The reason for this terminology is that the driven resonance frequency
in a series or parallel resonant circuit has the value1
$$\omega_0 = \frac {1}{\sqrt {LC}}$$
This is exactly the same as the resonance frequency of an LC circuit,
that is, one with no resistor present, that is, it is the same as a
circuit in which there is no damping, hence undamped resonance
frequency. The peak resonance frequency, on the other hand, depends on
the value of the resistor and is described as the damped resonance
frequency. A highly damped circuit will fail to resonate at all when
not driven.

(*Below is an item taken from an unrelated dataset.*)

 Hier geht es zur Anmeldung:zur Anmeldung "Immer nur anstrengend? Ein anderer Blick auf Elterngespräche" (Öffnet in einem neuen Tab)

A circuit with a value of resistor that causes it to be
just on the edge of ringing is called critically damped. Either side
of critically damped are described as underdamped (ringing happens)

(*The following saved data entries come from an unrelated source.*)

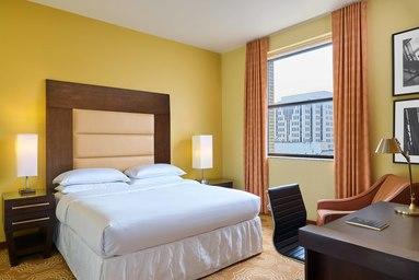 The Emery, Autograph Collection is an excellent hotel in the heart of Minneapolis, perfect for seeing a Vikings or Twins game. The hotel is amazing, housed in a beautiful historic bank building with marble columns and wonderful architectural design. The rooms are wonderful and perfect, including amenities like a fridge and coffee maker. The bar and restaurant are fantastic, offering good food and cocktails, and the Spyhouse cafe located in the same area is great for coffee. The staff is amazing and provides exemplary, seamless service. The hotel is pet friendly and has easy access to the metro train. A downside is the location without a lot of restaurants nearby, and parking might be a bit tricky. It is a great place for a nice evening gathering and is a highly recommended place to stay.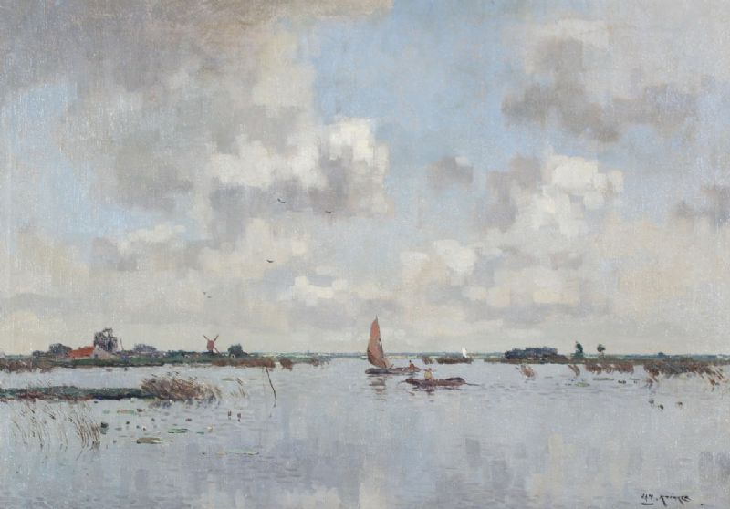 Polderplas met zeilboten en waterlelies.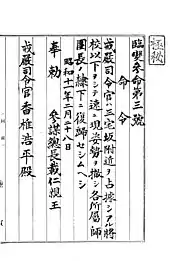 - Shillony translates the word 認む (mitomu) in the 2nd clause as "approve" rather than "recognize". Shillony (1973), p. 153

and overdamped (ringing is suppressed).
Circuits with topologies more complex than straightforward series or
parallel (some examples described later in the article) have a driven
resonance frequency that deviates from \$\omega_0 = \frac
{1}{\sqrt {LC}}\$ and for those the undamped resonance frequency, damped
resonance frequency and driven resonance frequency can all be
different.
See the "Other configurations" section for your 2nd circuit.
In summary, the frequencies at which the impedance is real, at which the impedance is stationary (max or min), and at which the reactances of the L & C are equal can be the same or different and each is some type of resonance frequency.
In which condition the current through the inductor approach INFINITY
and how can you explain that physically?
Yes, it is absolutely true - the current in the inductor can become infinite and the current in the capacitor can also become infinite however, because these two currents are anti-phase (one lags the sinewave source by 90deg and one leads the sinewave source by 90deg), the net current taken from an AC voltage source is zero other than what is consumed in the parallel resistor.
You are using a current source and the resultant voltage will be I*R. I'm also presuming you meant R to be a positive resistance value not as shown in your diagram although that won't alter things at all - if you meant R to be negative then the voltage developed across the resistor will be anti-phase to the current through it.
The actual current through the inductor is the voltage across it (as developed by the resistor and current source). Ditto the capacitor.
Best Answer
First find the equivalent impedance of your circuit using, e.g., Thevenin theorem. This impedance will depend on \$\omega\$. The resonant frequency(ies) is(are) the value(s) of \$\omega\$ that makes the reactive part of the impedance zero.